Information Security Today Home

New Books

Understanding and Applying Cryptography and Data Security
Cyber Fraud: Tactics, Techniques and Procedures
Information Assurance Architecture
How to Complete a Risk Assessment in 5 Days or Less
Information Security Management Metrics: A Definitive Guide to Effective Security Monitoring and Measurement

Understanding DLP

by Luther Martin

In the past year or two, the term "data loss prevention" (DLP) has been overused by security vendors trying to make their products sound useful for solving the pervasive problem of data breaches. This has led to the situation where it can be difficult to tell which technologies deserve to be called "DLP" and which do not. To help clarify things, let's look at what DLP technology is, how it works, and what it can and cannot do.

The term "data loss prevention" describes technology that automates the identification and protection of sensitive data. A DLP system has components that implement three functions: Management, Identification and Protection. The Management component is where an administrator creates and manages policies that the DLP system implements and generates any reports that are needed. The Identification component finds the sensitive data that the system's policies define. The Protection component safeguards the sensitive data that the Identification component finds. Figure 1 shows the relationship between these three components. Each of these components has its own set of challenges, and we'll look at each of these in turn.

Figure 1. The functional components of a DLP system.

Automating the protection of sensitive data is important because even people with the best of intentions make mistakes. The 2008 edition of CompTIA's Trends in Information Security report estimated that 30 percent of serious data breaches are caused by human errors, another 30 percent are caused by a hacker taking advantage of a human error, and only 40 percent are caused by a hacker actively overcoming flaws in technology.
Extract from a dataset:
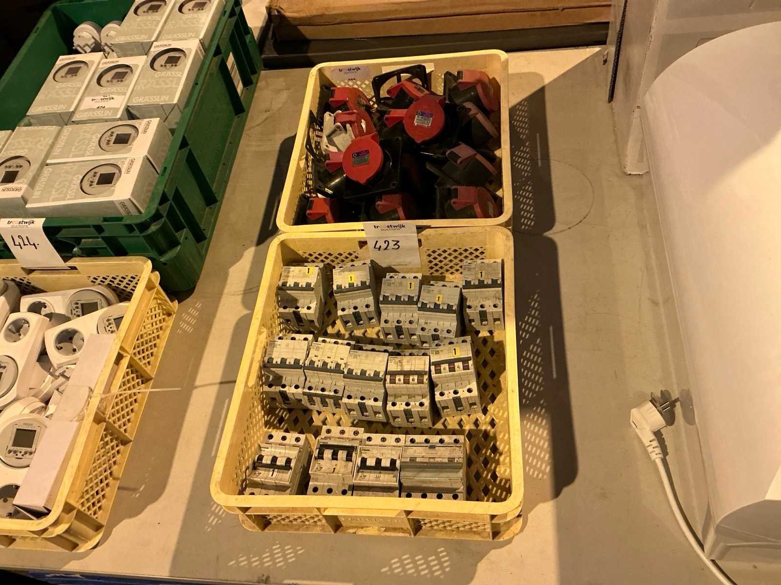 Schakelmateriaal en stekkers in plastic krat (2x)

These numbers are quite a bit different than they were five years ago. The 2003 edition of the same report estimated that only 8 percent of serious data breaches did not involve some sort of human error.

People are getting better at protecting sensitive data, but they still not very good at it. It is still the case that most serious data breaches are caused by a failure of people instead of a failure of technology. Because of this, automating the process of protecting data will give much better results that just relying on error-prone people, and that is exactly where DLP technology promises to be able to make a difference.
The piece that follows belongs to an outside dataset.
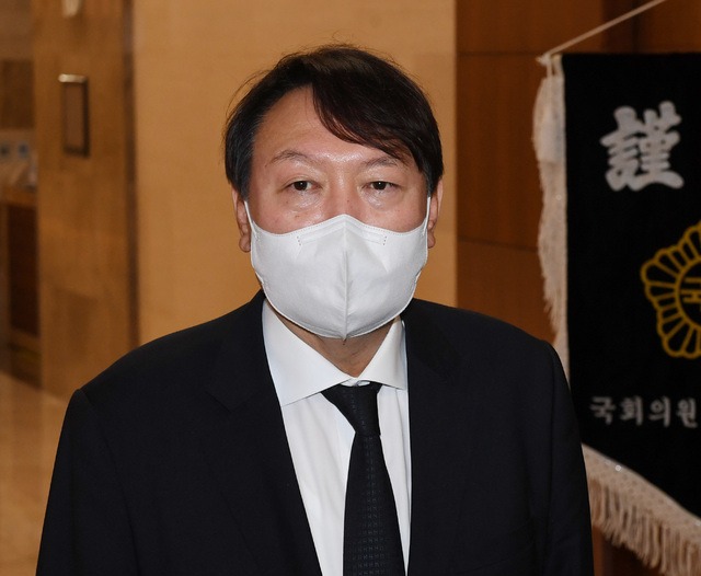 ▲ 윤석열 전 검찰총장이 지난 8일 서울 서대문구 신촌세브란스병원 장례식장에서 부친상을 당한 최재형 전 감사원장을 조문한 뒤 취재진 질문에 답하고 있다. [뉴시스]

A DLP system's policy defines what type of data is considered sensitive, what actions are allowed with sensitive data, and how to protect sensitive data. Suppose that we want to stop unencrypted Social Security numbers from being sent to external email addresses. This relatively simple goal may actually be difficult to implement in a comprehensive way, which means that it can be difficult to carefully create a policy that describes this goal. Consider the examples listed in Table 1. Each of these might or might not contain a Social Security number. The number 123456789 could be a Social Security number, for example, or it could be a telephone number for someone outside the US. A policy designed to stop unencrypted Social Security numbers from being sent to external email addresses needs to be able to define which of these should be identified as containing a Social Security number by the Identification components of the DLP system and which ones should not.

Email contains "123-45-6789"
Email contains "123456789"
Email has an attached spreadsheet that contains "123456789"
Email contains "123-456-789"
Email contains the URL ""
Email contains source code that implements the logic print(123456789)
Email has an attached executable program that implements the logic print(123456789)
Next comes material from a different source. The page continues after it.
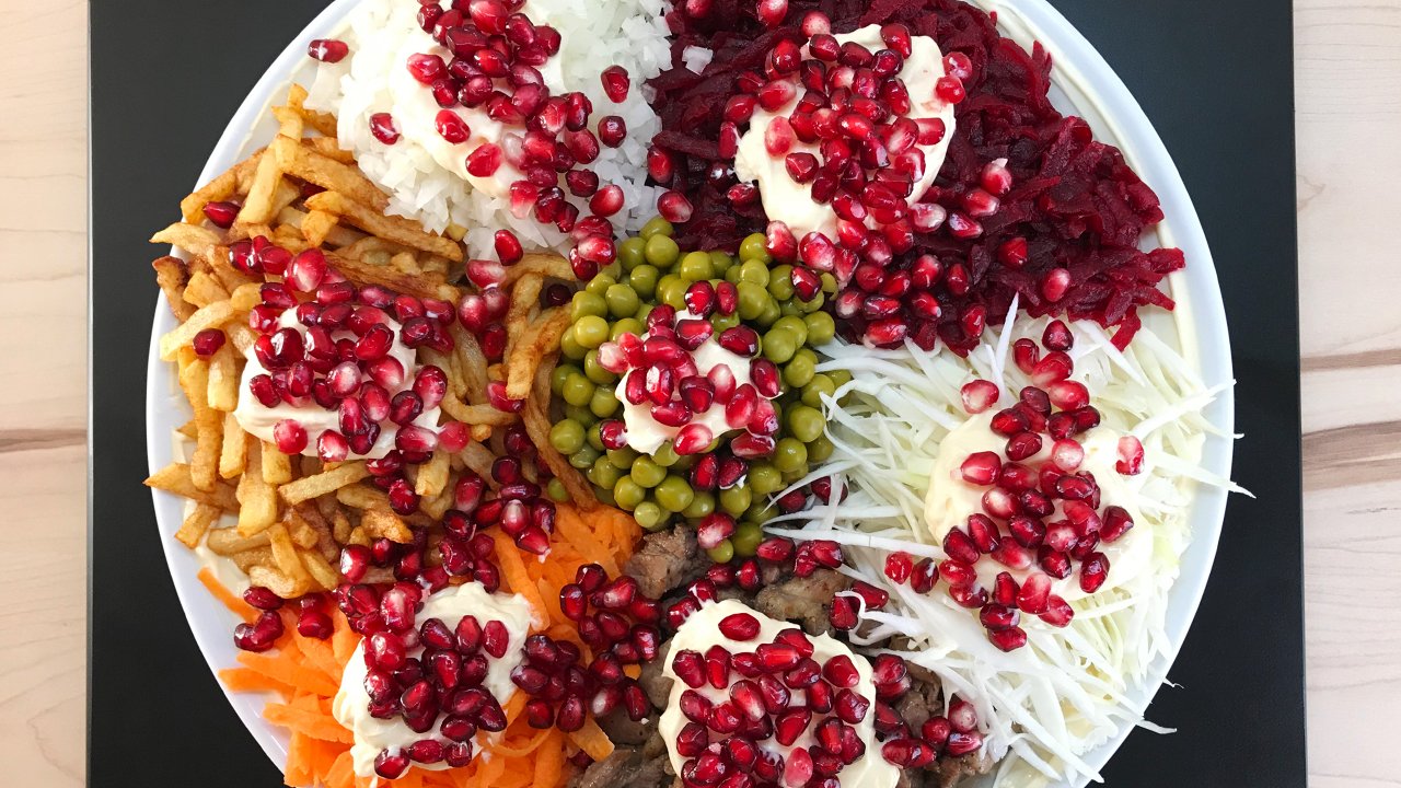 Вкусный Салат с мясом "Радуга". Семейный рецепт.

Table 1. Examples that may or may not contain a Social Security number.

The policy of a DLP system also tells what action the Protection component of the system needs to take when the Identification component finds sensitive data. In the case of finding an unencrypted Social Security number, the Protection component might encrypt the message and send the encrypted message to the message's recipients. Or it might notify the sender that they've violated the system's data protection policy and that they'll need to encrypt their message for it to be sent.

The capabilities of the Management component are limited by the thoroughness of the component, or how many different formats of data it can define rules for. Each particular file format, for example, encodes information in a different way. A DLP system needs to be able to understand the format of the data to search it for sensitive information. A Social Security number that is in a compressed text file, for example, will be encoded in a different way than the same number that is stored in a spreadsheet. In general, the more data formats that a DLP system can understand, the more thorough it is, and this usually means that it has a better chance of finding and protecting sensitive information.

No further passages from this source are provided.